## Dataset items
=== Begin Enclosure ===
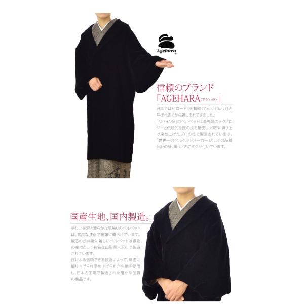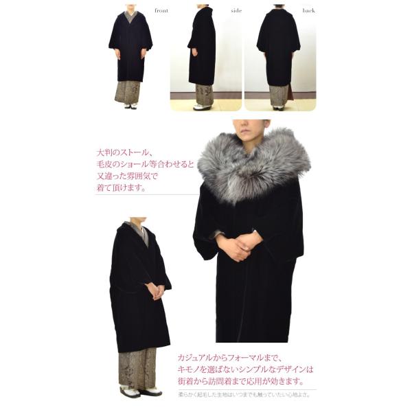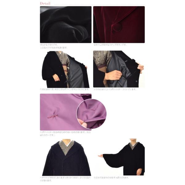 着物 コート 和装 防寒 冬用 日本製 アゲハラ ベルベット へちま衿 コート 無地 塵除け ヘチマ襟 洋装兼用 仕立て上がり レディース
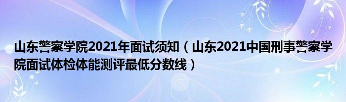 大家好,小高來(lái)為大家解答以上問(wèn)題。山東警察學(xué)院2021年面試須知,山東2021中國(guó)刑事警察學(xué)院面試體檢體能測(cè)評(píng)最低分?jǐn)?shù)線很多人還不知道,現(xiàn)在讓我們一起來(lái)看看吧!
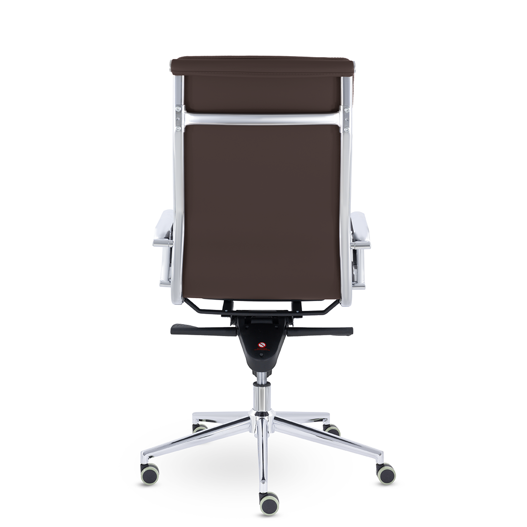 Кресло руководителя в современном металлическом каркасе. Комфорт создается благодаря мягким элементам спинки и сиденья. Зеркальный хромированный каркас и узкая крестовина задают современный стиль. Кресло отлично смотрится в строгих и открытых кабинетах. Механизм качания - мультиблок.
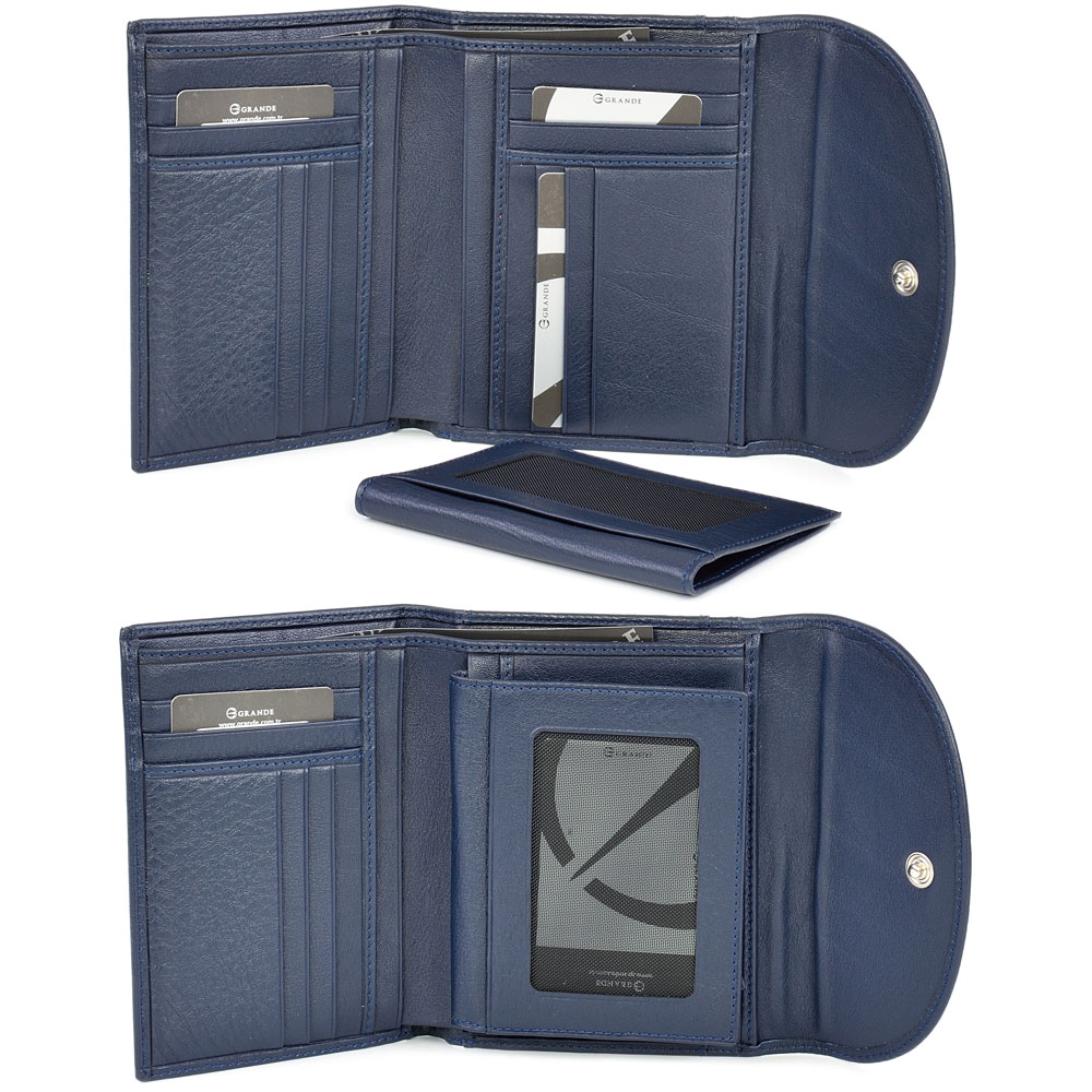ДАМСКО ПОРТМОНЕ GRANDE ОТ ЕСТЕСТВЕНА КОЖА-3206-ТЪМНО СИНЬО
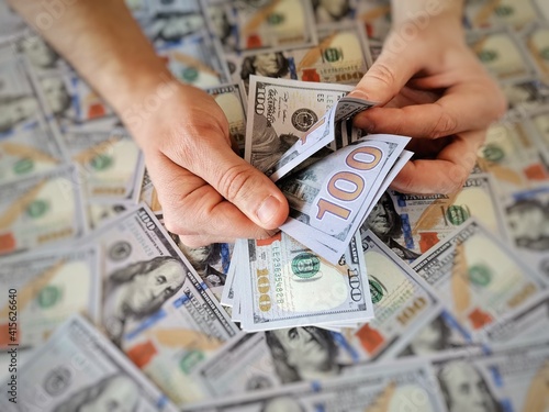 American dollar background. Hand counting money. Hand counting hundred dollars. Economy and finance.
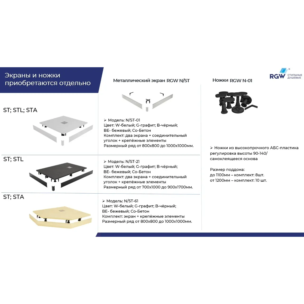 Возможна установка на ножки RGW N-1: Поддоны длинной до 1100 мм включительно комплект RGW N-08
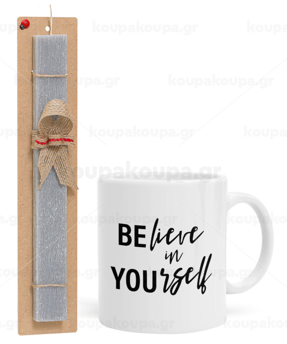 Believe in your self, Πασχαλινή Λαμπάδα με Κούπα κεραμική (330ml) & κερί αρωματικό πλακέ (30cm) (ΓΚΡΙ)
=== End Enclosure ===
## Your goal
The expected output is the lines above from the one containing "American dollar background." to the one containing "Возможна установка на", both ends included, reproduced exactly with every picture left out.

## Written solution
 American dollar background. Hand counting money. Hand counting hundred dollars. Economy and finance.
 Возможна установка на ножки RGW N-1: Поддоны длинной до 1100 мм включительно комплект RGW N-08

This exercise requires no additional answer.